Task #4. Fill the code below to represent the QQ-plot to assess the goodness of fit of GEV distribution to the extreme observations.

empirical_quantiles = #from ecdf
pred_quantiles = #use Scipy library to predict quantiles for the probabilities in ecdf

fig, axs = plt.subplots(1, 1)
axs.scatter(empirical_quantiles, pred_quantiles, 40, 'k')
axs.plot([1.5, 5.5], [1.5,5.5])
axs.set_title('QQ-plot')
axs.set_ylabel('Theoretical quantiles')
axs.set_xlabel('Empirical quantiles')
fig.set_size_inches(6, 6)
axs.grid()

Another commonly used graphical method is the probability plot or probability paper.
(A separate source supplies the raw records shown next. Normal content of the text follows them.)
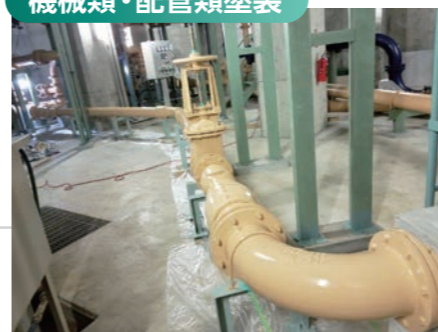
施設関連の設備等、状況に適した塗装を施します。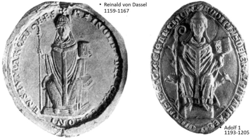
Fig. 9. Rigskansler Rainald von Dassels seglaftryk som ærkebiskop af Köln, 1159-1167, samt seglet for en af hans efterfølgere, Adolf 1., 1193-1205, 1212-1216.

et personligt kendetegn, er der f.eks. Bruno 3. von Berg (1191-1193), der til tegn på sin valfart til Jerusalem sidder med en palmegren i hånden. 134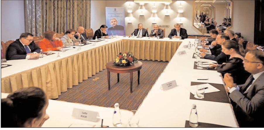
पहले रूसी रणनीतिक समुदाय के प्रमुख प्रतिनिधियों के साथ बैठक कर बातचीत की।

विदेशमंत्री जयशंकर अपने समकक्ष सर्गेई लावरोव के साथ बातचीत में विभिन्न द्विपक्षीय संबंधों तथा वैश्विक मुद्दों पर चर्चा करेंगे। वह रूस के उप प्रधानमंत्री तथा उद्योग और व्यापार मंत्री डेनिस मांतुरोव से भी मुलाकात करेंगे। उन्होंने सबसे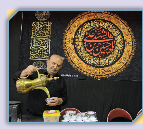
مراسم نذر در تهران

انتخاب نذری‌هایی که در اماکن مذهبی و تاریخی توزیع می‌شوند هر کدام برای خودسانی شنیدنی و عمری به اندازه تاریخ راه‌اندازی حسینیه و تکیه دارد. یکی از نذری‌های قدیمی و پرطرفدار تکیه تاریخی تجریش در ایام محرم، دم‌کردن قهوه و پذیرایی در استکان‌های مخصوص است. هنوز هم می‌توان در آبدارخانه تکیه بالای تجریش بوی خوش قهوه را استشمام کرد و پیرمردی با موهای سفید را دید که با مهارت تمام قهوه را در قوری مخصوص می‌گذارد و منتظر می‌ماند تا سر صبر دم بکشد. او پس از آنکه قهوه را با چاشنی‌هایی خوش‌عطر و طعم ترکیب می‌کند، در استکان‌های مخصوص قهوه از عزاداران مهمان آبدارخانه تکیه پذیرایی می‌کند. پارچ استیل و قهوه‌جوش و اجاقکی که مخصوص دم کردن قهوه است همه نشان از پابندی اهالی تجریش به اجرای سنتی قدیمی در تکیه‌ای دارد که قدمتش به دوران قاجار می‌رسد. تکیه بالای تجریش یک روز از ایام عزاداری را هم با چای ترش پذیرایی می‌کند.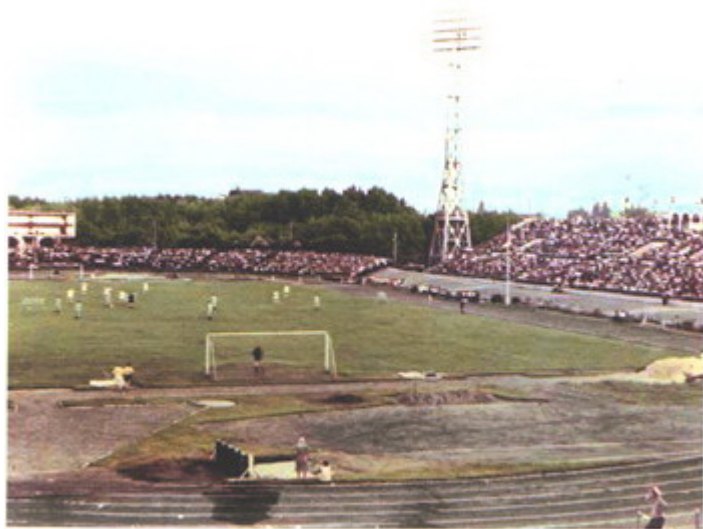
Стадион «Динамо», г. Грозный. Stadium «Dinamo», Groznyi.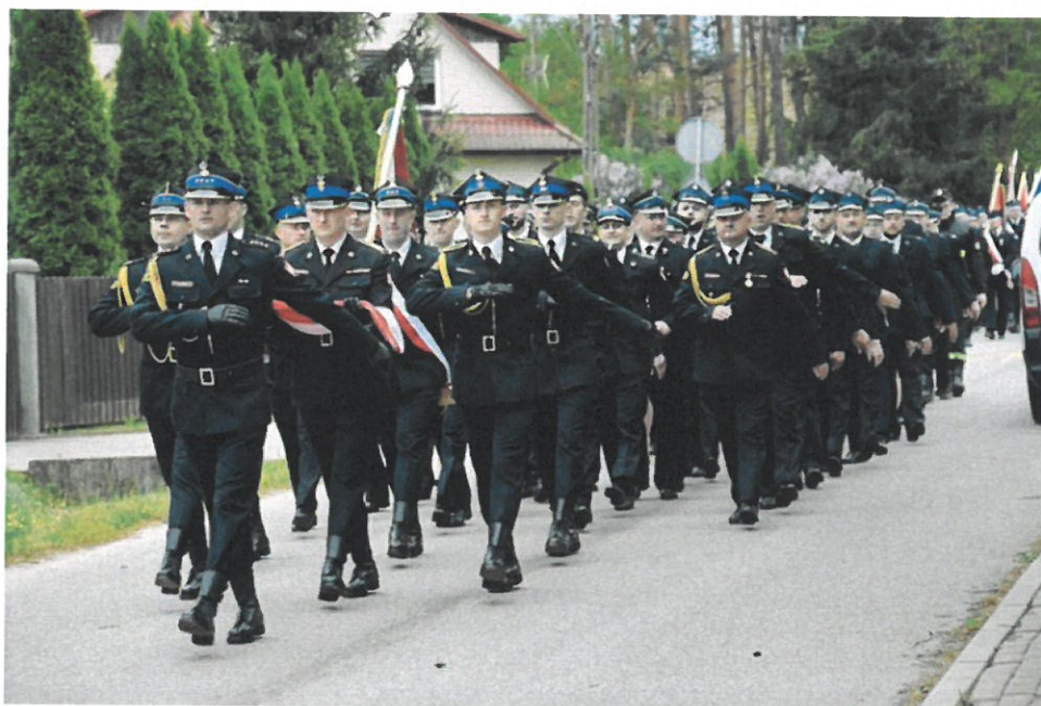
Powiatowy Dzień Strażaka 10-lecie OSP Gulczewo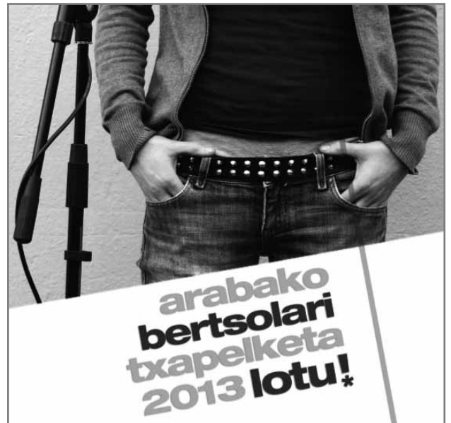
Txapelketako logoa.//Arabako Bertsozale Elkartea

Informazio gehiago aurki dezakezue www.arabakobertsozale.org webgunean. Hitzetik Hortzerak eta Bertsoa.comek ere jarraipen zabala egingo diote aurtengo txapelketari.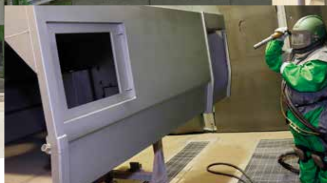
Gehäuse des Kehrgutbehälters aus Edelstahl wird sandgestrahlt

Der Kehrgutbehälter ist aus robustem, korrosions- und abriebfestem 4003er-Edelstahl gefertigt, der vor dem Auftragen einer Zweikomponenten-Epoxyd-Grundierung und einer anschließenden Beschichtung mit einer strapazierfähigen Deckschicht kugelgestrahlt wird.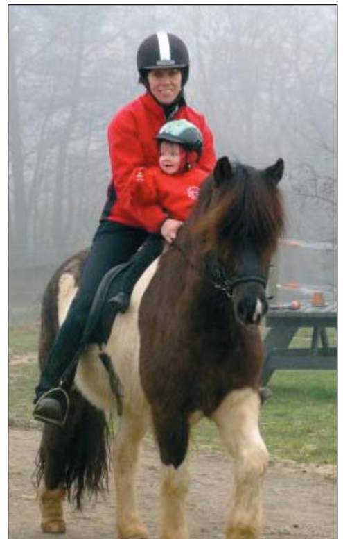
Sjúkraliðar geta notið sumardvalar með fjölskyldum sínum víðs vegar um landið í sumar.

11.500 krónur fyrir 6 daga, frá 19. júní til 28. ágúst.

In this method, the grid of one axis (typically x-axis) is adapted to a theoretical distribution function, so when that theoretical distribution is plotted, a line is obtained. Considering here the GEV distribution whose equation is

\(F(x)=exp\{-[1+\xi \frac{x- \mu}{\sigma}]^{-1/\xi}\}\), being \((1+\xi \frac{x- \mu}{\sigma})>0\)

where \(\mu, \sigma\) and \(\xi\) are the location, scale and shape parameters, respectively. We can see that there is not explicit transformation to obtain a linear relationship between F(x) and \(\frac{x- \mu}{\sigma}\). Thus, we will apply Gumbel paper, since the obtained \(\xi\) is low, although \(\xi \ne 0\). Remember that Gumber distribution is derived from GEV distribution when \(\xi \rightarrow 0\), leading to the equation

\(F(x)=exp\{-exp[-\frac{x- \mu}{\sigma}]\}\)

By rearranging the previous expression, we can reach

\(-\ln(-\ln F(x))=\frac{x- \mu}{\sigma}\)

which defines the Gumbel probability paper

Task #5. Fill the code below to represent the Gumbel probability plot to assess the goodness of fit of GEV distribution to the extreme observations.

obs_prob_plot_x = #Transformation of empirical F(x)
obs_prob_plot_y = #Corresponding observations of the variable

theor_prob_plot_x = -np.log(-np.log(GEV_p))
theor_prob_plot_y = GEV_H

fig, axs = plt.subplots(1, 1)
axs.scatter(obs_prob_plot_x, obs_prob_plot_y, 40, 'k', label = 'Empirical cdf')
axs.plot(theor_prob_plot_x, theor_prob_plot_y, 'r', label = 'Fitted GEV')
axs.set_title('Gumbel probability plot')
axs.set_xlabel('$-\ln(-\ln F(x))$')
axs.set_ylabel('${H_s (m)}$')
fig.set_size_inches(6, 6)
axs.grid()
axs.legend()

3.3. Is it a good fit?#

Goodness of fit techniques support us in the decision process to determine if a probability distribution is a good approximation to our observations. Now, it is your turn to apply your critical thinking to determine if GEV distribution is a good fit to the extreme observations.

Task #6. Is GEV distribution a good model for the extreme observations? Explain your answer.

'''
Your answer here
'''